What does voting have to do with shutting down the nation’s Security Housing Units? The path to closing the SHUs is the same as that needed to organize around are the right to vote (winning the franchise for prisoners) and the final abolition of slavery in the United States. Conjugal visits, wages, and myriad other issues can be raised at the same time, but the guiding star should be the elimination of the pro-slavery segment of the 13th amendment. It is through organizing around these issues that the strength necessary to shut down the SHUs can be built. We are not going to accomplish this goal through lobbying or litigation, but only through organizing—both inside and out.

Why not organize only around the SHU? Because only by involving the general population and their families in the larger struggle for change can the necessary strength be developed. And neither the general population nor their families are going to go down for the SHU alone. My friends and I (we called ourselves the Walla Walla Brothers) once shut down a SHU. It was called the Intensive Management Unit (IMU) at Walla Walla. Some day I will write the whole story, but for the sake of brevity let me just say that through ongoing work we were able to get the general population to engage in a 47-day work strike, the longest in state history, which resulted in our release from the IMU and the transformation of the IMU from a hole to a privileged housing unit. The population had 14 demands, the first of which was to rectify the IMU. So it can be done, but not by focusing on just the SHU.

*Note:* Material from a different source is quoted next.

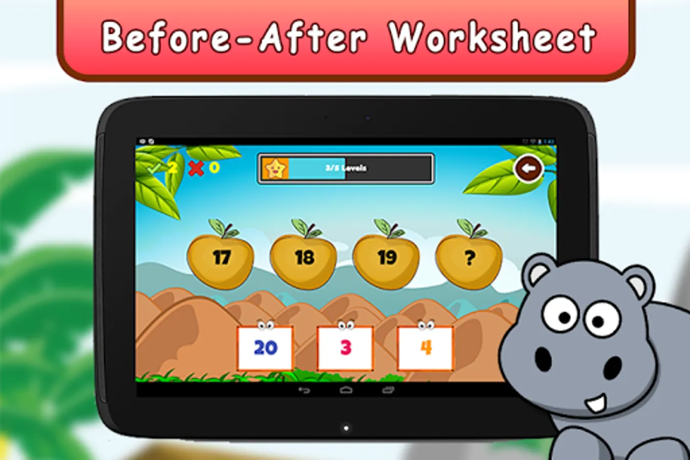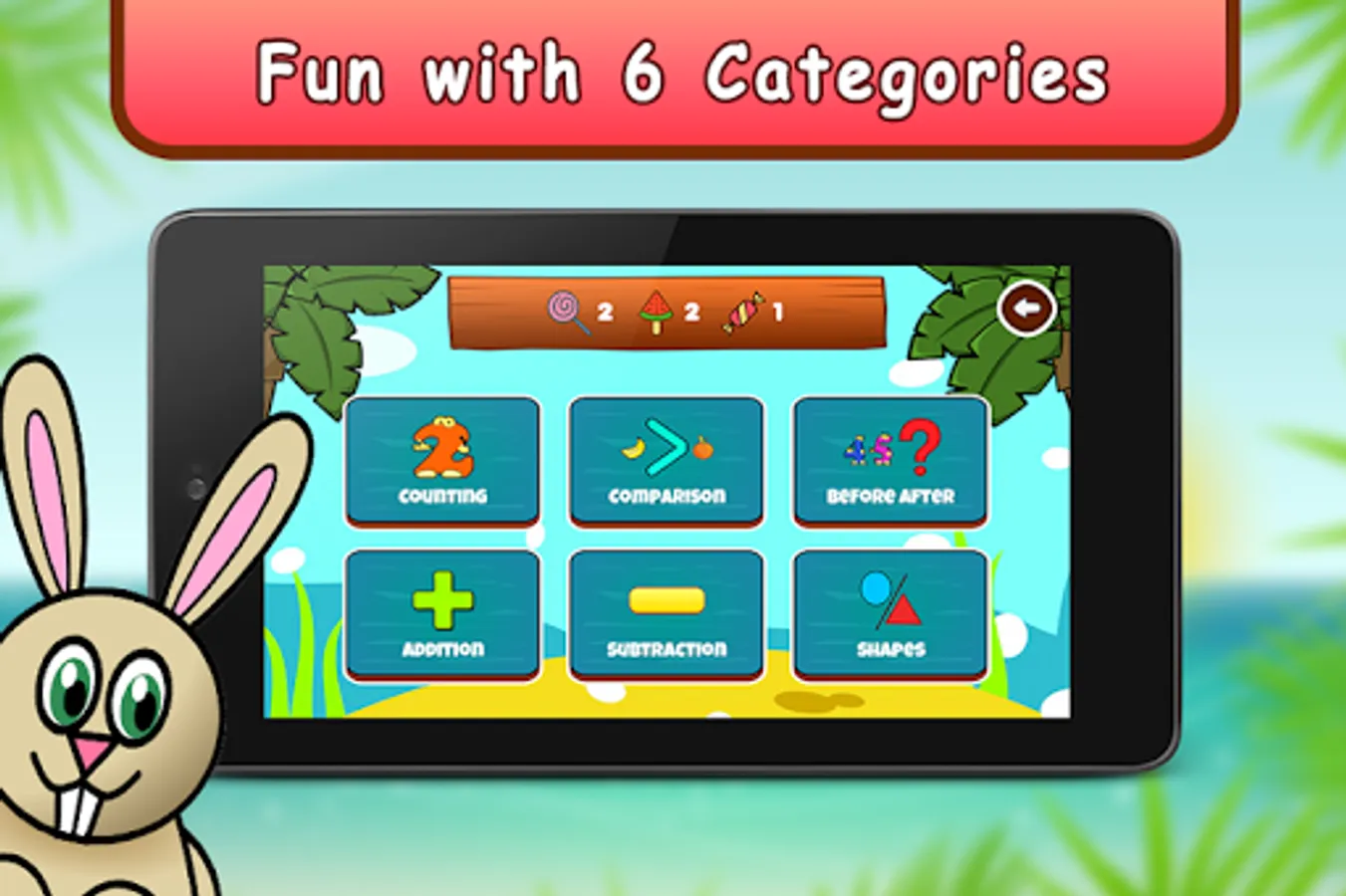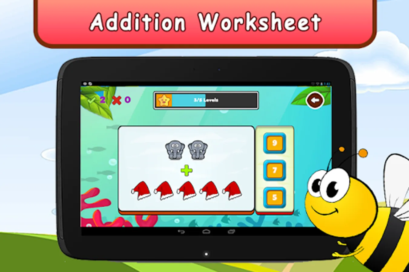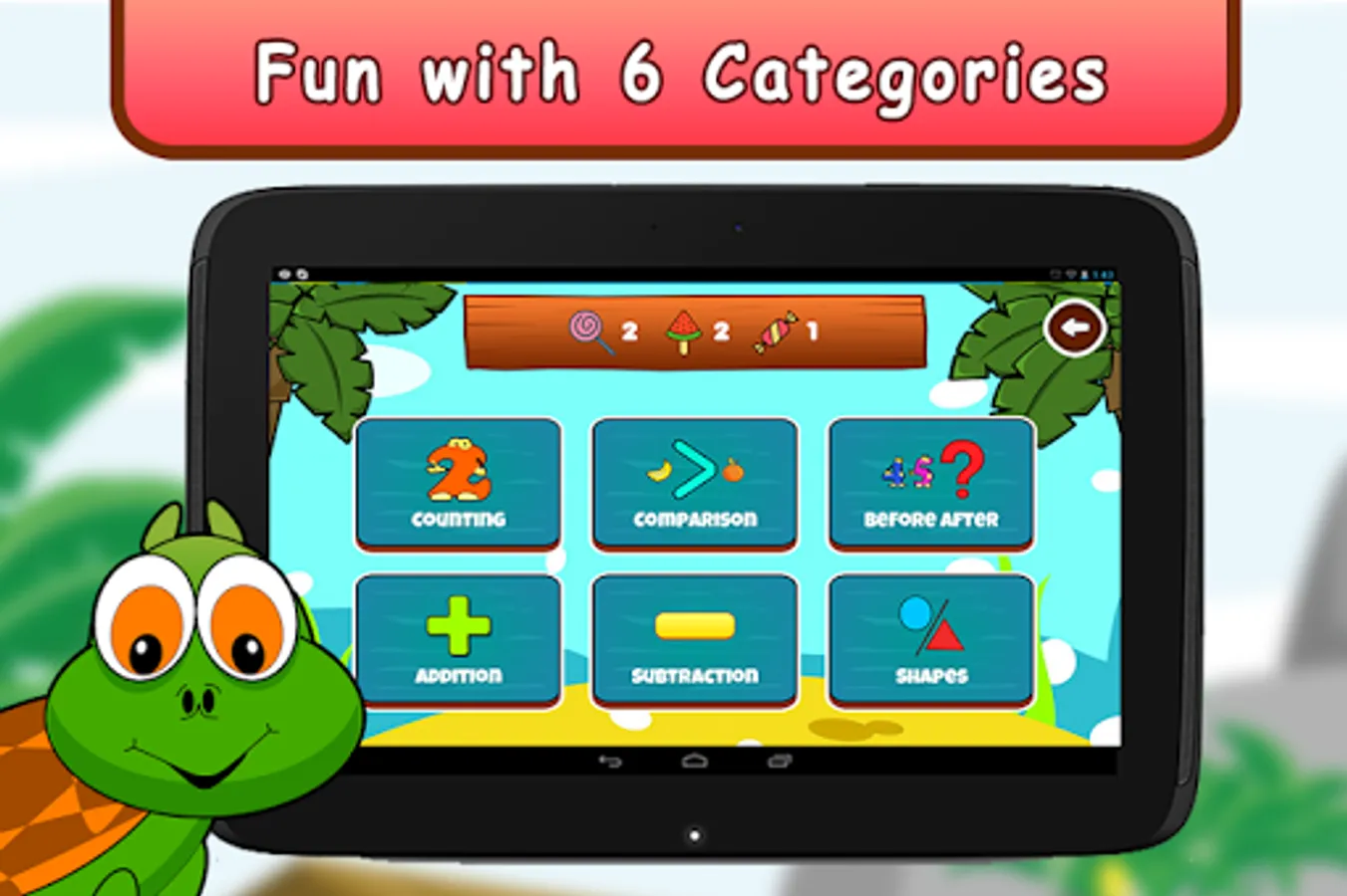 It is specially designed for Pre-Schoolers, Kindergartners and First graders.This game focuses on making numbers counting and maths learning easy for kids.This game is completely curriculum oriented featuring several worksheets for mathematical concepts.Solving worksheets with interactive graphics keep child's interest in learning.It features several free math games such as addition and subtraction games which your child will to play and thereby improve math skills.

Every human being has a right to life, liberty, and the pursuit of happiness. Rightly or wrongly, prisoners have lost their right to liberty, but their inalienable right to the pursuit of happiness remains. While we all stand for the abolition of prisons, a goal that in this writer’s opinion will require a radical transformation of existing class relations, there are a number of intermediate steps that can be taken while on the road to that goal. If we keep these basic human rights and our class bearings in mind we will not get lost in the twists and turns on that road.